9 Replies Latest reply on Mar 12, 2013 10:28 PM by Doc_SilverCreek

    Chipsets Use Drivers and Firmware?

    parsec

      I noticed on another forum someone mentioned they were waiting for a firmware update for a chipset.  They were not talking about a driver program, but a firmware update for a chipset.  By chipset I mean a CPU supporting chip, or a chip for peripheral devices, such as an Intel ICH10, ICH9, X58, G45, or Marvell 91xx, any Realtek audio chips, etc.

       

      Apparently the support rep for a mother board manufacture told a customer that a firmware update was pending for a certain chipset, which I didn't think made any sense, but I don't know everything.  Does an ICH10 or X58 have firmware?

        • 1. Re: Chipsets Use Drivers and Firmware?
          Doc_SilverCreek

          How do you definition firmware?

           

          A basic definition would be:

          Firmware is any code that gets loaded to control the hardware.

           

          A driver is code that interacts with the firmware to control the hardware

          An OS is code that calls the drivers to interact with the firmware to control the hardware.

          An Application is code that preforms a function but direction the OS to call it's drivers to interact with the firmware to control the hardware.

          A Hypervisor is code sits between firmware and the OS drivers and mimics firmware \ hardware and lies to everyone.

          (Don't ask where EFI falls, I would call it an emdeded OS.)

           

          BIOS is a compileation of multiple pieces of code that controls the hardware making it a form of firmware.

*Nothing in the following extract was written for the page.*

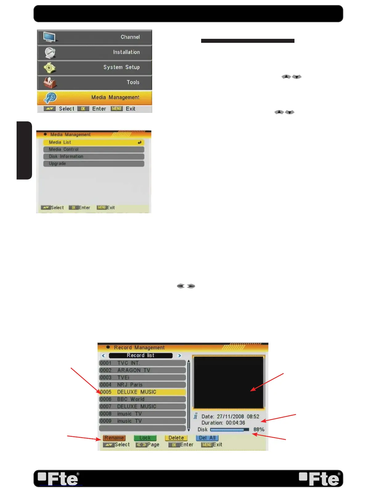 - Multimedia Player (MP3 List, Picture List, Video List, List of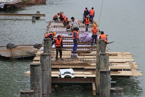 Cọc bê tông được đóng xuống sông Hương để thi công tuyến đường đi bộ dài 380 m.

          Firmware code can be contained within the BIOS package or can be separate flash packages depending on how the manufacturer set up his code.

           

          To name a few pieces of firmware in the system ( mostly those in blue are contained within the BIOS flash at Intel):

          • BIOS core code
          • BIOS specialization code
          • BMC code
          • Remote management module code
          • FRUSDR code
          • ME code
          • Hot Swap back plane
          • SAS expander
          • Embed RAID controllers code
          • Processors microcode
          • NIC PXE option rom code
          • Memory Reference code
          • Video controller code
          • Audio controller code
          • PLD's (Programmable Logic Devices) which also contain code to configure the device to perform the desired function.

           

           

          • Since the newer chipsets contain a bunch of special devices, I am sure that a piece of code (firmware) from the chipset maker specific to the chipset in the BIOS someplace so that everyone is using the same source code.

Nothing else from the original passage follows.